Published online by Cambridge University Press: 27 December 2024
This chapter focuses on the justice of sharing voices and stories, using case studies from my qualitative research. This always partial and challenging process of storytelling will be viewed through performative timespaces of encounter as a means to reflect on the potential for transformative research from the perspective of researchers and participants. Work by Coddington (2017) and others (for example, Koch, 2020) has stressed the need to unpack and critique the relationships between participant voice, authenticity and empowerment in light of feminist and anti- colonial work.
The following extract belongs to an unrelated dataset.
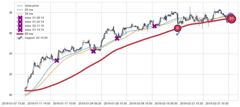 上涨趋势01-07 13:00-02-27 10:30,均线85确认关键支撑1处

Montero- Sieburth (2020), for example, stresses the need to acknowledge that researchers do not ‘speak for the other’ and that allowing participant voices ‘to appear’ does not necessarily bring about justice, change or transformation. To help counter this, Montero-Sieburth stresses the need for researchers to discover their own voices, which forms an important aspect of what this chapter attempts to do.
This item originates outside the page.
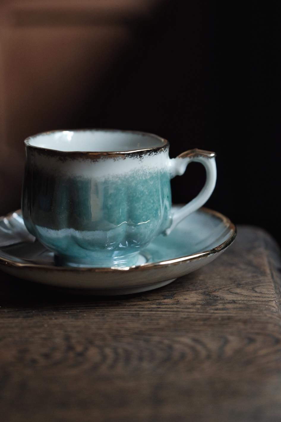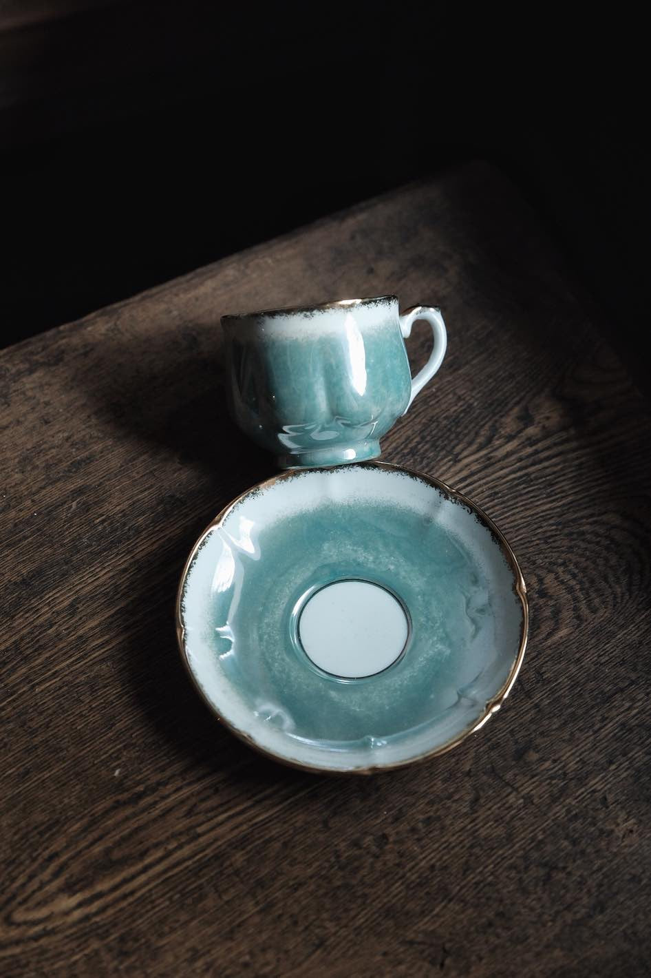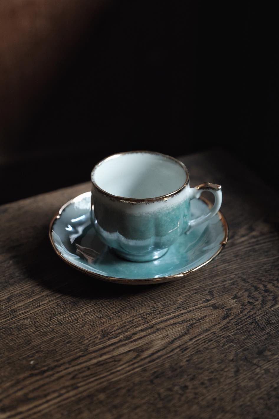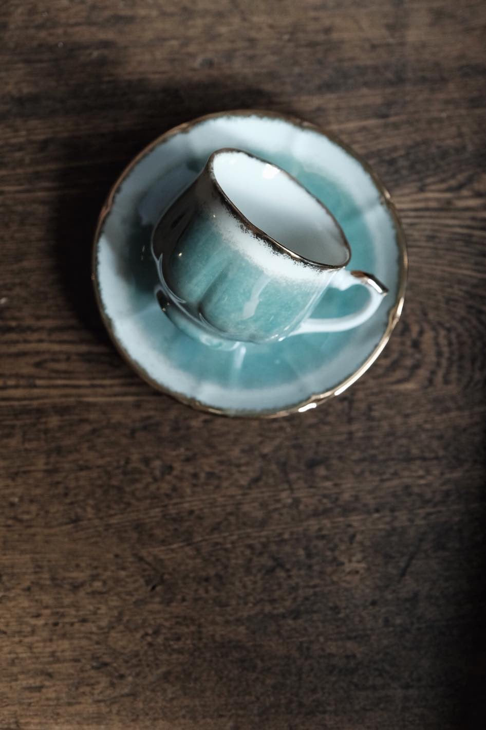 日本製·珍珠湖水藍色釉骨瓷咖啡杯(140ml)

This body of work therefore discusses the need for critical interpretations of representation and the value and purpose of academic research in terms of how social and political justice is achieved and for whom. I aim to add to such work by viewing interviews I have been involved in as encounters through which voices can be shared, brought to a different audience and potentially be empowering. By doing so, the chapter will engage with the notion of performative timespace (Mavroudi, 2019) in order to highlight how research encounters may be seen as part of an ethical but also emotional project of justice and care. Through this, I stress the need for active reflection and negotiation of power imbalances as we navigate our own positionality as individuals and as part of a research team (Fertaly and Fluri, 2019), the positionality of our participants but also the wider frameworks of universities and ethics committees.
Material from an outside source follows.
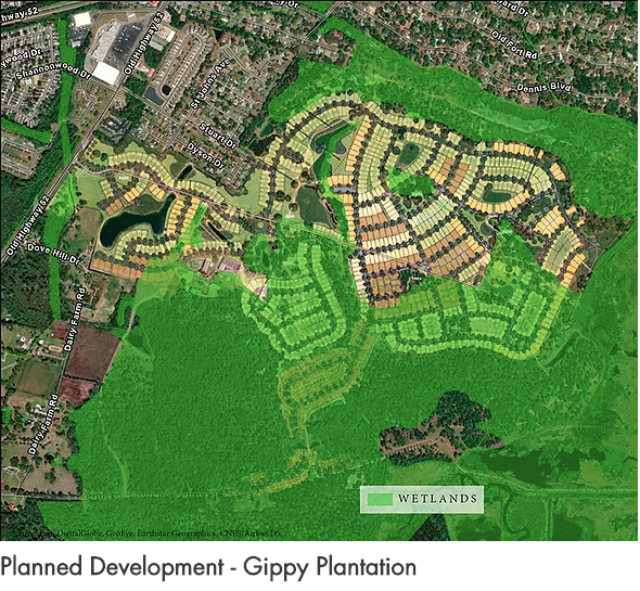 Gippy and Cainhoy serve as bookends of threats to the Cooper River corridor. Gippy could have over a thousand new residential units that will put immense strain on local scenic roads and risk exacerbating drainage issues on surrounding neighborhoods at the northern end of the Cooper River corridor. Cainhoy is expected to have at least 9,000 new residential units on either side of Clements Ferry Road on the southern end of the Cooper River Corridor. This will cripple the already overly congested Clements Ferry Road, 526, and Highway 41 and threatens to destroy the ecological resources adjacent the Francis Marion National Forest.

I argue that justice needs to be framed in broad and flexible ways and not just in terms of impact or outcome, but also through the very materiality of doing empirical research and communicating with people in mundane and ‘gentle’ ways (Pottinger, 2020). It is through such communication, ‘deep listening’ (Koch, 2020) and embodied encounters that difference is articulated and grappled with so that we can potentially learn about/ from one another through timespaces.